| Task prompt |
After the line containing "أصبح نجم برشلونة", copy nothing more; up to and including it, copy every line of the listing exactly from the first, leaving out the pictures.

| Information shown |
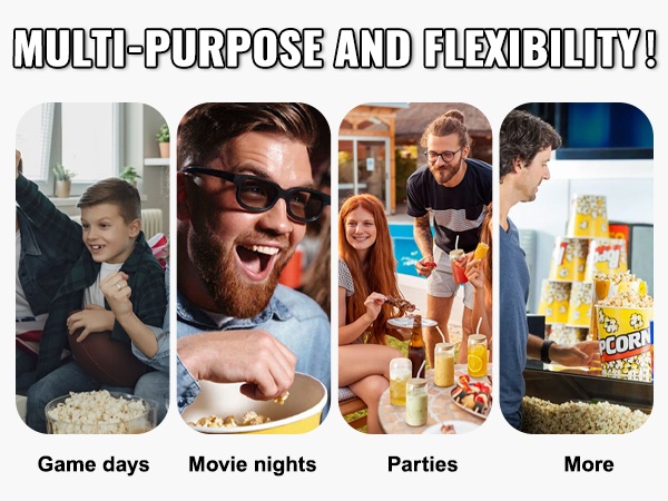 Kone soveltuu hyvin syntymäpäiväjuhliin, kokoontumisiin, urheilutapahtumiin ja muihin tilaisuuksiin, joissa popcorn on toivottu lisä tarjoiluun.
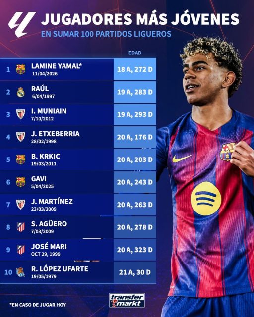 أصبح نجم برشلونة الشاب ، لامين يامال ، أصغر لاعب يصل إلى 100 مباراة في الدوري الإسباني ، وذلك بعمر 18 عام و272 يوم .
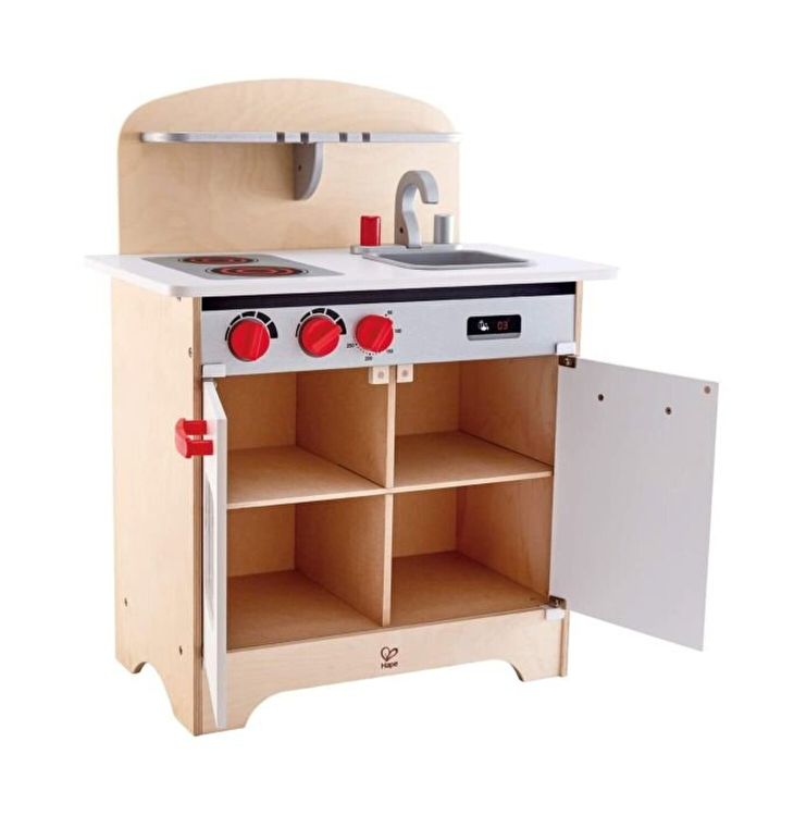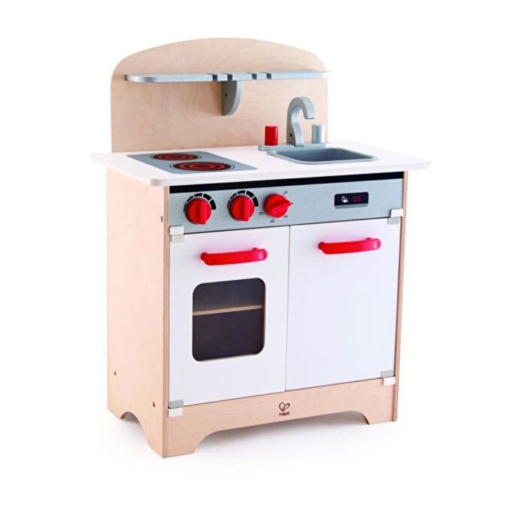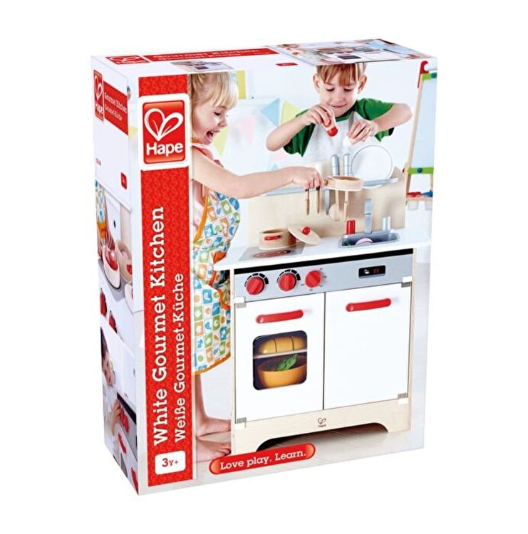 Set bucatarie, cu butoanele rotative, frigider cu raft, cuptor cu fereastra, robinet de apa si chiuveta, are tot ce aveti nevoie pentru a pregati o masa delicioasa. Bucataria White Gourmet este dotata cu blat de bucatarie cu raft si doua plite cu butoane reglabile, chiuveta cu doua butoane reglabile pentru apa calda si rece, frigider, dulap cu raft si cuptor cu fereastra si raft. Plitele includ butoane reglabile care fac clicuri realiste atunci cand sunt rotite. Chiuveta bucatariei si robinetele reglabile la cald si la rece pot fi indepartate pentru curatare. Cuptorul include o fereastra in usa pentru observare. Frigiderul si cuptorul includ ambele un raft.

| Reply to the task |
 Kone soveltuu hyvin syntymäpäiväjuhliin, kokoontumisiin, urheilutapahtumiin ja muihin tilaisuuksiin, joissa popcorn on toivottu lisä tarjoiluun.
 أصبح نجم برشلونة الشاب ، لامين يامال ، أصغر لاعب يصل إلى 100 مباراة في الدوري الإسباني ، وذلك بعمر 18 عام و272 يوم .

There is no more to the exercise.